# Wie findfet ihr mein PC ?



## Smoger101 (26. Mai 2015)

auf meinem Profil sind alle informationen lohnt sich OC ? Die Frage ist Leistungtechnisch gesehen.


----------



## Tiz92 (26. Mai 2015)

Deine CPU ist schnell. Deine 2 GPUs aber auch. Je nachdem welches Spiel und Auflösung könnte es die min FPS schon heben wenn du die CPU auf 4,2-4,4 (je nachdem was vernünftig geht) prügelst.


----------



## XT1024 (26. Mai 2015)

Achso, die Daten sollen wir auch noch selbst _suchen_? 


Smoger101 schrieb:


> lohnt  sich OC ?


Nö, lohnt sich nicht.
Verbraucht mehr Strom, es wird wärmer, ggf. lauter und im Desktopbetrieb bringt das eh nix.



> Die Frage ist Leistungtechnisch gesehen.

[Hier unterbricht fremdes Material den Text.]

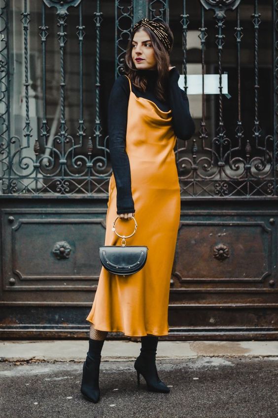 Las botas o botines con vestido satinado son una combinación que nos encanta y que puedes usar en todas las épocas del año. Elige un par en punta para alargar tus piernas o un diseño vaquero que siempre queda bien con vestidos. Pincha la galería para ver nuestra selección de looks inspiradores,

20% mehr Takt bringt in entsprechenden Anwendungen auch 20% Mehrleistung.


----------



## facehugger (26. Mai 2015)

Auch @stock ist dein Prozzi noch recht fix. Mit OC:


http://extreme.pcgameshardware.de/o...hes-ocing-von-sandy-bridge-k-prozessoren.html 
ist durchaus Haswell-Niveau drin, natürlich guter Kühler vorausgesetzt. Wenn du mit der Graka zufrieden bist, besteht auch da kein Handlungsbedarf...

Gruß


----------